On the plus side, the ID number is intact and writing the entity file doesn't seem to further damage the data:
(ddrlocal)ddr@denshodeb8:/usr/local/src/ddr-local/ddrlocal$ python manage.py shell
>>> from DDR import identifier
>>> e = identifier.Identifier(id='ddr-pc-33-15', base_path='/var/www/media/ddr').object()
>>> e.write_json()
>>>
(ddrlocal)ddr@denshodeb8:/var/www/media/base/ddr-pc-33$ git diff
diff --git a/files/ddr-pc-33-15/entity.json b/files/ddr-pc-33-15/entity.json
index 8316ca1..0171b0c 100644
--- a/files/ddr-pc-33-15/entity.json
+++ b/files/ddr-pc-33-15/entity.json
@@ -1,10 +1,10 @@
[
{
- "app_commit": "9d906ffdb5df85c59fd57034abcb424bb302202d (HEAD, origin/209-upgrade-elasticsearch, 209-upgrade-elasticsearch) 2017-01-30 17:45:05 -0800",
+ "app_commit": "00d6bf004a20c921f921fa5f28616ce642a51958 (HEAD, tag: v2.0, origin/master, origin/HEAD, master) 2017-05-03 11:27:32 -0700",
"app_release": "0.9.4-beta",
"application": "https://github.com/densho/ddr-cmdln.git",
- "git_version": "git version 2.1.4; git-annex version: 5.20141125\nbuild flags: Assistant Webapp Webapp-secure Pairing Testsuite S3 WebDAV Inotify DBus DesktopNotify XMPP DNS Feeds Quvi TDFA CryptoHash\nkey/value backends: SHA256E SHA1E SHA512E SHA224E SHA384E SKEIN256E SKEIN512E SHA256 SHA1 SHA512 SHA224 SHA384 SKEIN256 SKEIN512 WORM URL\nremote types: git gcrypt S3 bup directory rsync web webdav tahoe glacier ddar hook external\nlocal repository version: unknown\nsupported repository version: 5\nupgrade supported from repository versions: 0 1 2 4",
- "models_commit": "2106bb0a6c686e4258c0d9d02d1ced96c02f357f 2017-01-23 17:11:28 -0800"
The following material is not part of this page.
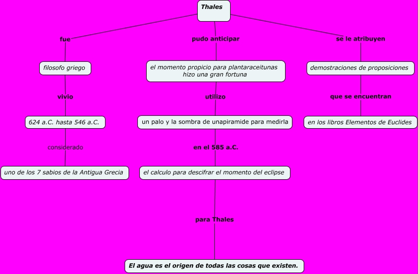 This Concept Map, created with IHMC CmapTools, has information related to: Thales de Mileto

+ "git_version": "git version 2.1.4; git-annex version: 5.20141125\nbuild flags: Assistant Webapp Webapp-secure Pairing Testsuite S3 WebDAV Inotify DBus DesktopNotify XMPP DNS Feeds Quvi TDFA CryptoHash\nkey/value backends: SHA256E SHA1E SHA512E SHA224E SHA384E SKEIN256E SKEIN512E SHA256 SHA1 SHA512 SHA224 SHA384 SKEIN256 SKEIN512 WORM URL\nremote types: git gcrypt S3 bup directory rsync web webdav tahoe glacier ddar hook external\nlocal repository version: 5\nsupported repository version: 5\nupgrade supported from repository versions: 0 1 2 4",
+ "models_commit": "8c5e0b200fe5f02c9216fd4bc3be42d46d881cf5 2017-02-01 14:36:59 -0800"
},
{
"id": "ddr-pc-33-15"
Detail from the most recent commit.
(ddrlocal)ddr@denshodeb8:/var/www/media/base/ddr-pc-33$ git log -n1 --format=full --patch files/ddr-pc-33-15/entity.json
commit 26b61ec199b3e3e9ffa189caa18a2c795f8756e9
Author: DDRAdmin <REDACTED@SERVER.ORG>
Commit: DDR Integration Manager <REDACTED@SERVER.ORG>
Manual commit after ddr-transform run
diff --git a/files/ddr-pc-33-15/entity.json b/files/ddr-pc-33-15/entity.json
index 66001e4..8316ca1 100644
--- a/files/ddr-pc-33-15/entity.json
+++ b/files/ddr-pc-33-15/entity.json
...
@@ -80,11 +84,26 @@
},
{
"topics": [
- "Geographic communities: Hawai'i [277]",
- "Journalism and media: Community publications: Pacific Citizen [389]",
- "Race and racism [36]",
- "Race and racism: Cross-racial relations [38]",
- "Race and racism: Discrimination [37]"
+ {
+ "id": "277",
+ "term": "i"
+ },
+ {
+ "id": "389",
+ "term": "Journalism and media: Community publications: Pacific Citizen"
+ },
+ {
+ "id": "36",
+ "term": "Race and racism"
+ },
+ {
+ "id": "38",
+ "term": "Race and racism: Cross-racial relations"
+ },
+ {
+ "id": "37",
+ "term": "Race and racism: Discrimination"
+ }
]
},
{
...
Topics appear fine in ddr-local
, including the topic in question. Topic titles used by TagManager are retrieved from the vocabs API, only the ID in the data is used, and the ID appears to be fine.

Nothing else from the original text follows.